Task details:
Make an exact copy of the lines from the one holding "Tabbit 去写一个JavaScript 脚本,让我能保存这些图片,没想到也是顺利进行了,而且图片质量还比复制的要好得多。" through the end of the entries below, both ends kept, and of nothing else. Exclude pictures.

Collected data entries
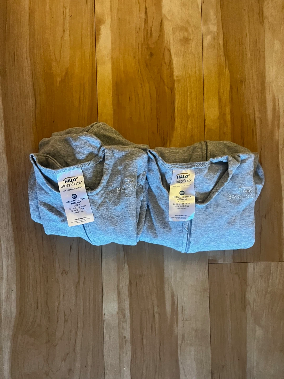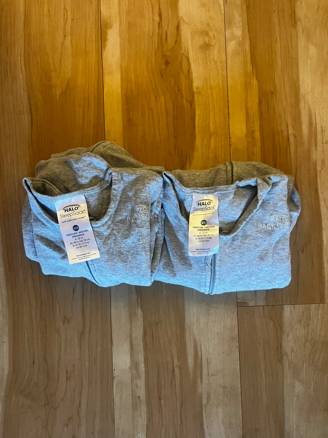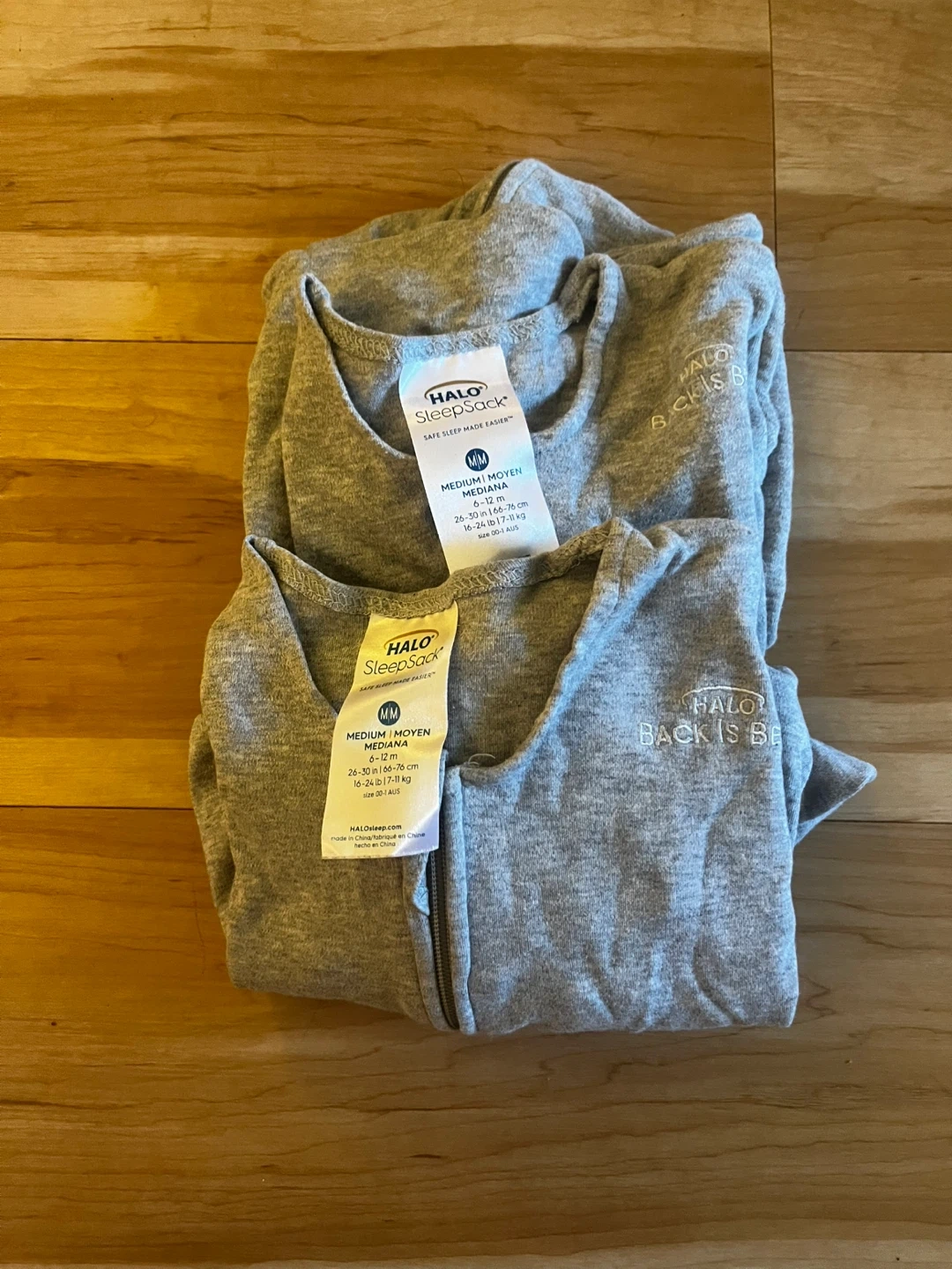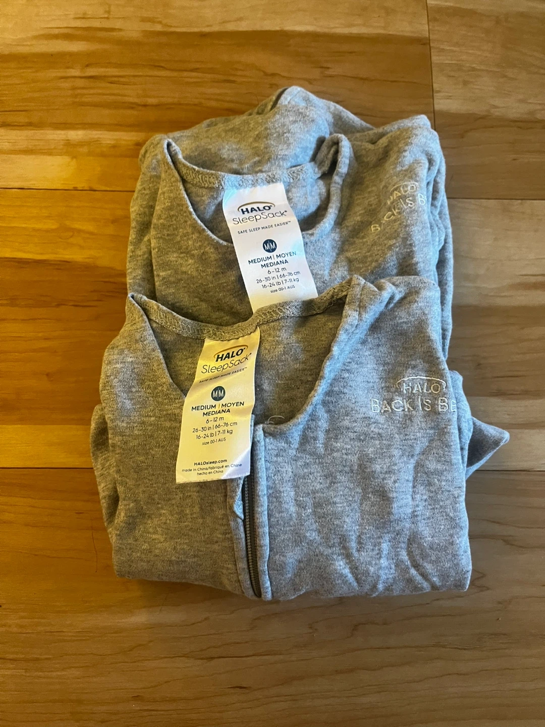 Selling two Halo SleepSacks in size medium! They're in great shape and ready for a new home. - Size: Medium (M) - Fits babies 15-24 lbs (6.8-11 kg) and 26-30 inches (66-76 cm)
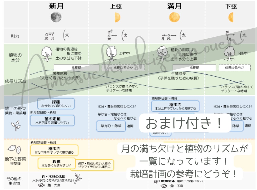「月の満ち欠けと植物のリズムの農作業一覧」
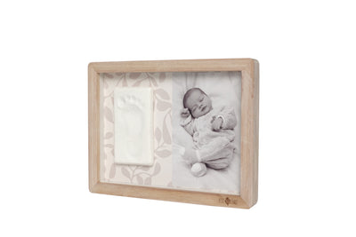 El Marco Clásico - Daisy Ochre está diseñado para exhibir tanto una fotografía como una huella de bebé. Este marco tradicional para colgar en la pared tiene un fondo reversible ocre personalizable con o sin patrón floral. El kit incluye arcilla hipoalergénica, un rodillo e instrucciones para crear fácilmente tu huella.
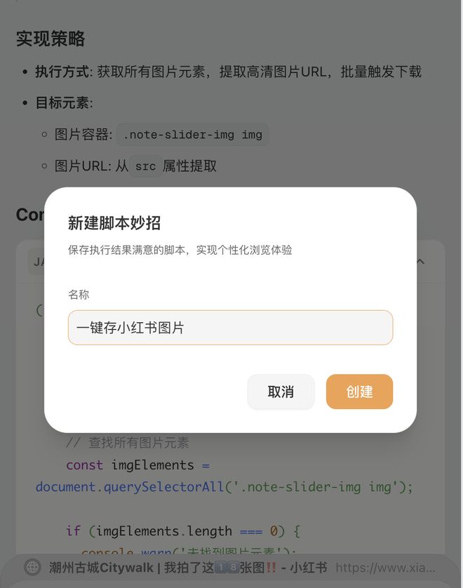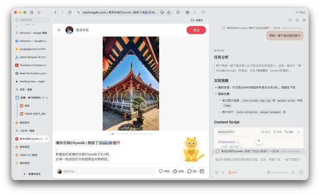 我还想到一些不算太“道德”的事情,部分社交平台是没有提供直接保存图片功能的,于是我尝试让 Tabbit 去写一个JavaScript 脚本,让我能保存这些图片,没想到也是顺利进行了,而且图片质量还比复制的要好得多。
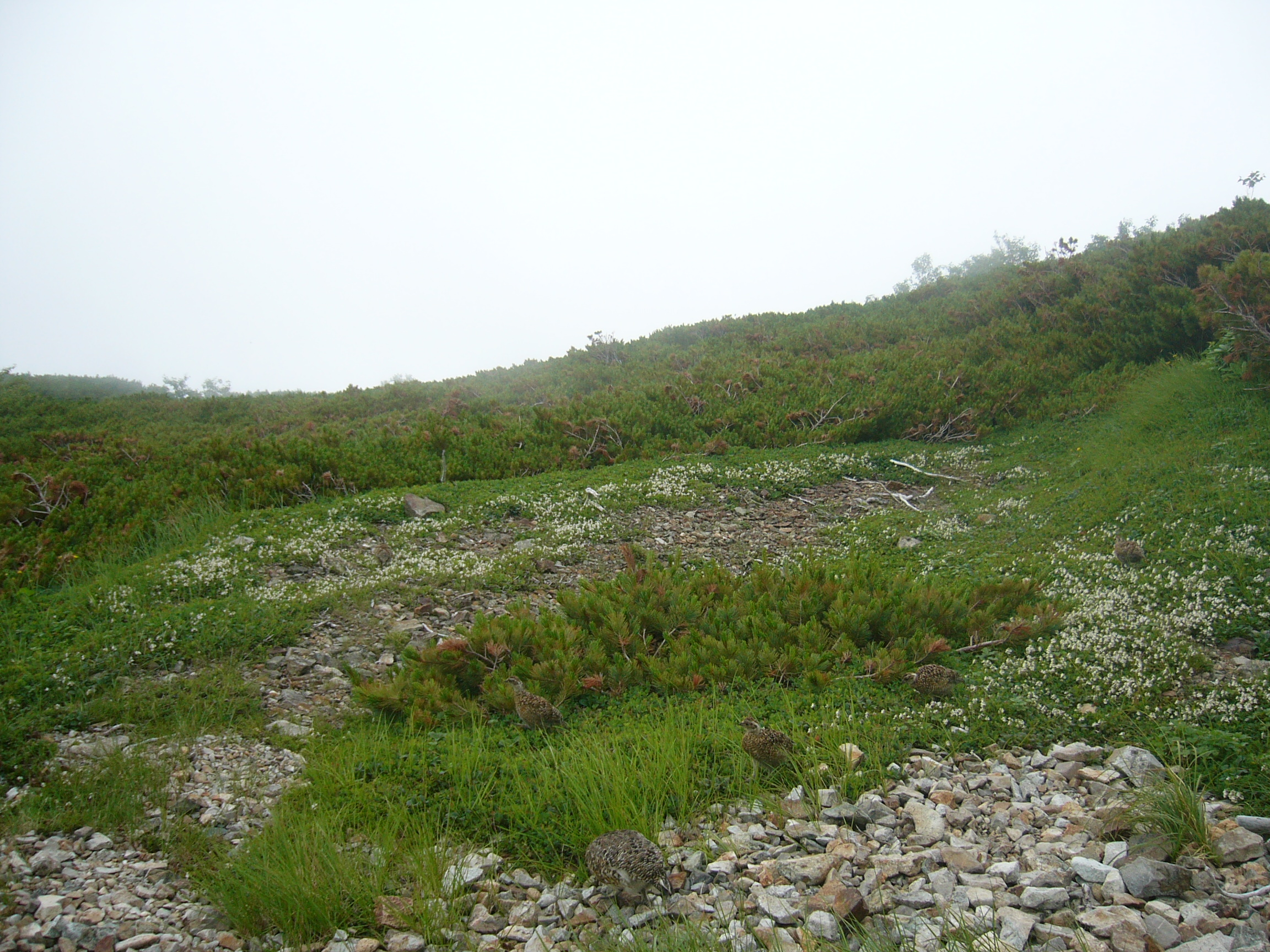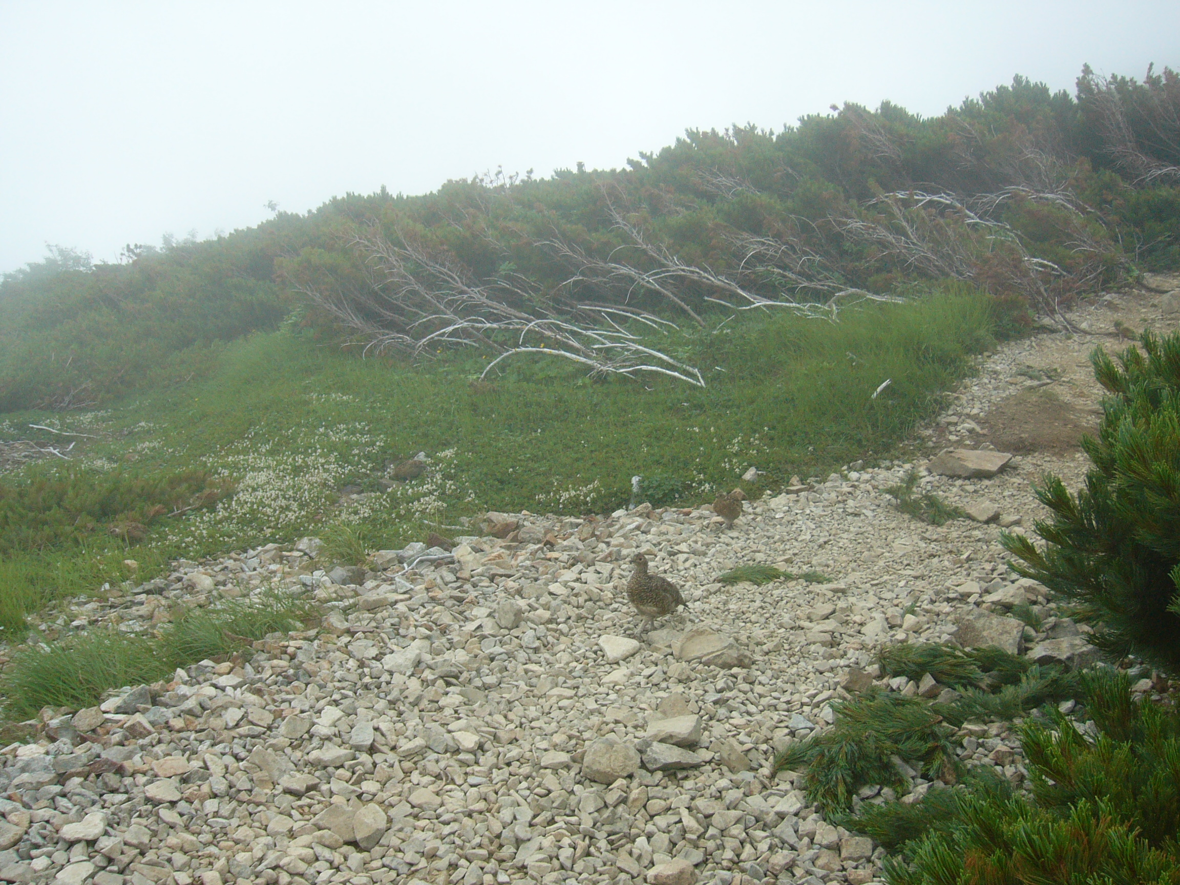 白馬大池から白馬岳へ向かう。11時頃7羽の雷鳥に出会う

Result for this exercise:
 我还想到一些不算太“道德”的事情,部分社交平台是没有提供直接保存图片功能的,于是我尝试让 Tabbit 去写一个JavaScript 脚本,让我能保存这些图片,没想到也是顺利进行了,而且图片质量还比复制的要好得多。
 白馬大池から白馬岳へ向かう。11時頃7羽の雷鳥に出会う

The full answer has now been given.